◆ **ABOUT THIS EXERCISE**:
In the records below, find the line that contains "La salle d’eau, entièrement" and the line that contains "Hollow Heart-shaped Tassel"; write out exactly those two lines and everything between them, without the pictures.

◆ **MATERIAL PROVIDED**:
□ □ □

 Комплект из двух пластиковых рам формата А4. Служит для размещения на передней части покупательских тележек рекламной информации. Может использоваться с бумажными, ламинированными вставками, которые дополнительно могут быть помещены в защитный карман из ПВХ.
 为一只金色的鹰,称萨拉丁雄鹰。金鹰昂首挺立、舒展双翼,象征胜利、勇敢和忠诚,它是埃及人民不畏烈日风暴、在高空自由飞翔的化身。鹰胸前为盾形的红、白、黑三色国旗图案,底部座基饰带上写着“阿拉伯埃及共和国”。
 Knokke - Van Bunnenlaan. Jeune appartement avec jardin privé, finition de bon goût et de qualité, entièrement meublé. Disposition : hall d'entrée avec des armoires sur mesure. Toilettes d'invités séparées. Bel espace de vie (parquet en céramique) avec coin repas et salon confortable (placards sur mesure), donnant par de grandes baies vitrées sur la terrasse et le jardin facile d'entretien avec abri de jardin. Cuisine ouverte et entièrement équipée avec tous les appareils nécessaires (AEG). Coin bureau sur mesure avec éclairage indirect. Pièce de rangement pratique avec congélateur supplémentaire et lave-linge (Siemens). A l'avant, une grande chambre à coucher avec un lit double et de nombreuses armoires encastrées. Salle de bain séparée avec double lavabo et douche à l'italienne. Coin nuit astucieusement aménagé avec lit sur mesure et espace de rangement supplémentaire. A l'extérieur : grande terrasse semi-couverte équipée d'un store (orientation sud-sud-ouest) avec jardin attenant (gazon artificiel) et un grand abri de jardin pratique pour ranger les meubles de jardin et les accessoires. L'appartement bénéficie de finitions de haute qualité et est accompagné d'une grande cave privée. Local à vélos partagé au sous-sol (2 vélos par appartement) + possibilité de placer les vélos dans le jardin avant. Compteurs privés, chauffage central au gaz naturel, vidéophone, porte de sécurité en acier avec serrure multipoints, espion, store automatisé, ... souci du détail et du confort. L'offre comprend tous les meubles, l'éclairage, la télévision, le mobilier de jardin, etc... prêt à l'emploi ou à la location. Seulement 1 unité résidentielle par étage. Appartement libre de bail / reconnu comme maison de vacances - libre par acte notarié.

□ □ □

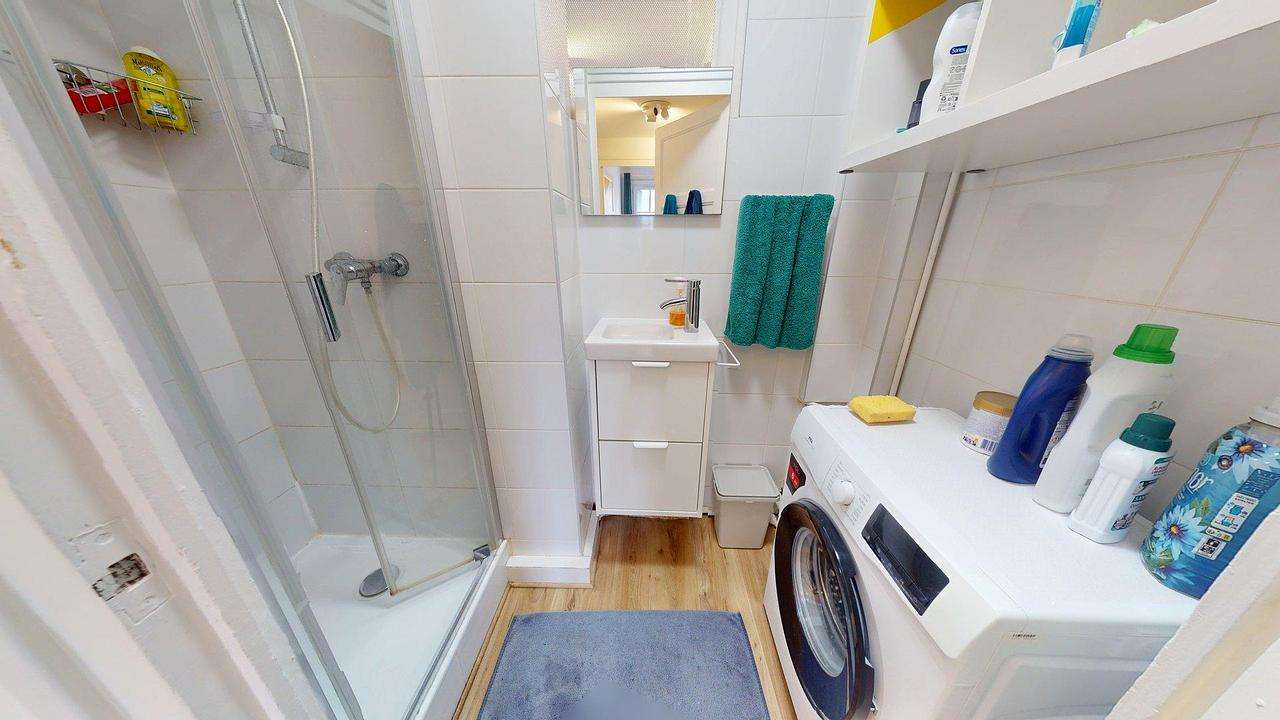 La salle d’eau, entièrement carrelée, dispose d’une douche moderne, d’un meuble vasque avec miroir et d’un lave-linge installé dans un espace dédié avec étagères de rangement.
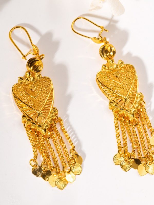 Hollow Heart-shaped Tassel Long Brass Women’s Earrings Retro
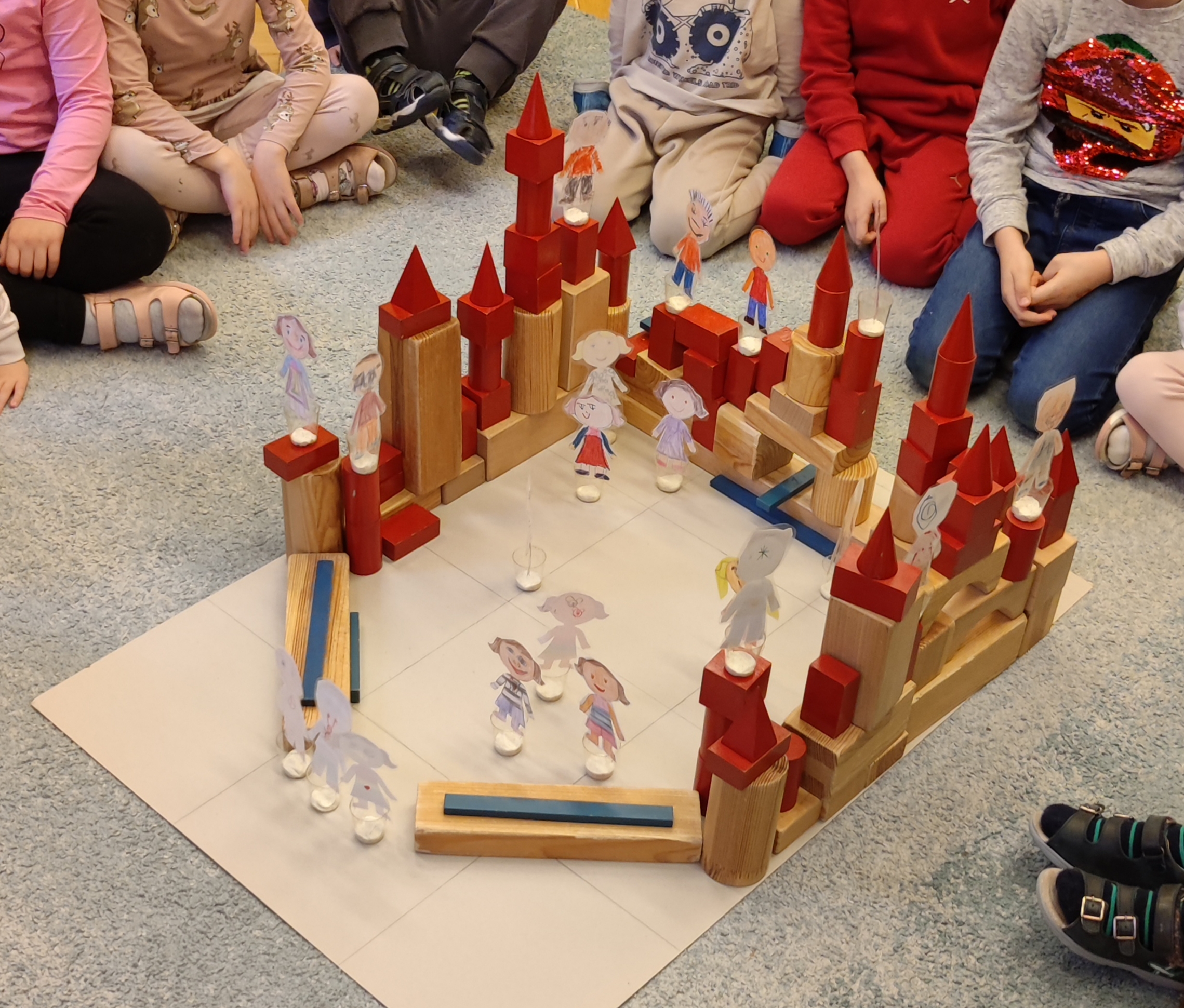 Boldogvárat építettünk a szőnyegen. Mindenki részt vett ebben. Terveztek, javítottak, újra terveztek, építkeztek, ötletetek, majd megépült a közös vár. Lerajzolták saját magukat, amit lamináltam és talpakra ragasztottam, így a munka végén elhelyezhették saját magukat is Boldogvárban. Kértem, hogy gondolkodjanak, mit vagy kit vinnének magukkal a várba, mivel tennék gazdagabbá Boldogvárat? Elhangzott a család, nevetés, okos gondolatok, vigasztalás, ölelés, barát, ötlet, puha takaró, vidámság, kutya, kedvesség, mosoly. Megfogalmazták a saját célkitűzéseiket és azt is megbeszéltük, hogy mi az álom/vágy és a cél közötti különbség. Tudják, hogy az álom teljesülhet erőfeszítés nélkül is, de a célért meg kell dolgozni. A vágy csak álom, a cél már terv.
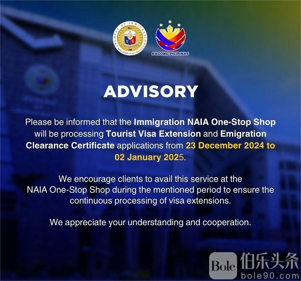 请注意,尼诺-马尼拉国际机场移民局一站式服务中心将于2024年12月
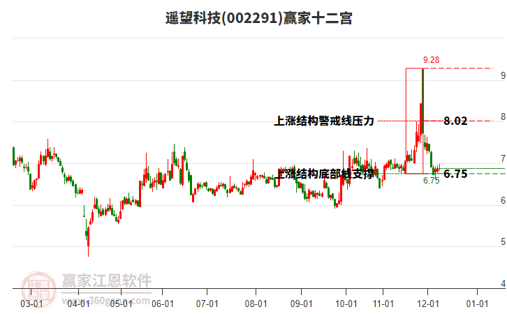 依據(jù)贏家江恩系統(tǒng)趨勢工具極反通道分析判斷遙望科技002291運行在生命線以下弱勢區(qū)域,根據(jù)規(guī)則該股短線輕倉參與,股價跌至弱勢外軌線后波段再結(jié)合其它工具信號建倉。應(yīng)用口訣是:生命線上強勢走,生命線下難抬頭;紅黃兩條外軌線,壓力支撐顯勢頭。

□ □ □

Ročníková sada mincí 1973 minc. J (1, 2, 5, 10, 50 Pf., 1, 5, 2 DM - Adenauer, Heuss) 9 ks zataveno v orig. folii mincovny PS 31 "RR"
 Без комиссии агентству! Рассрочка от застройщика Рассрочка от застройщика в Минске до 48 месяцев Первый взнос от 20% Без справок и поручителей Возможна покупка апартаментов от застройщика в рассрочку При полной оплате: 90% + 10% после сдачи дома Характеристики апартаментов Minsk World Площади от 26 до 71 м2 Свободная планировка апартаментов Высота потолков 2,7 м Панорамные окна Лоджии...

□ □ □

◆ **OUTPUT OF THE TASK**:
 La salle d’eau, entièrement carrelée, dispose d’une douche moderne, d’un meuble vasque avec miroir et d’un lave-linge installé dans un espace dédié avec étagères de rangement.
 Hollow Heart-shaped Tassel Long Brass Women’s Earrings Retro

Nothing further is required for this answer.